Records for the task below:

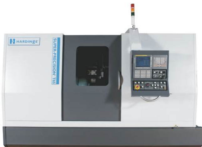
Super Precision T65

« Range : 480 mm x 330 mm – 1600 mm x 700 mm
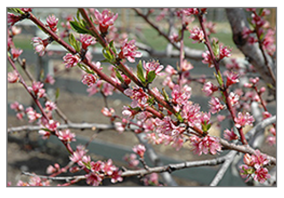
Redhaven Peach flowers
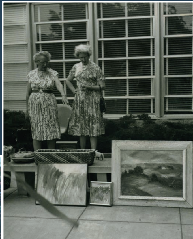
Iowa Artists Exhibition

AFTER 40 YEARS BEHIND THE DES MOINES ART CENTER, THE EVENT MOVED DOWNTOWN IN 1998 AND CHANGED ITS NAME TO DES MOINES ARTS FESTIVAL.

End of Records for the task.
Records for the task below:

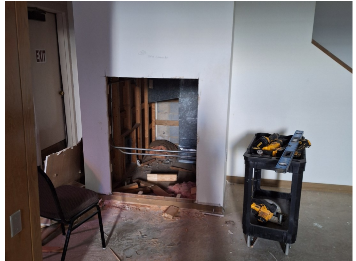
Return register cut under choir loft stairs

End of Records for the task.

Above are some records. Output exactly the lines from the one that contains "mm x 700 mm" to the one that contains "AFTER 40 YEARS", keeping both, and omit the pictures.

« Range : 480 mm x 330 mm – 1600 mm x 700 mm
Redhaven Peach flowers
Iowa Artists Exhibition

AFTER 40 YEARS BEHIND THE DES MOINES ART CENTER, THE EVENT MOVED DOWNTOWN IN 1998 AND CHANGED ITS NAME TO DES MOINES ARTS FESTIVAL.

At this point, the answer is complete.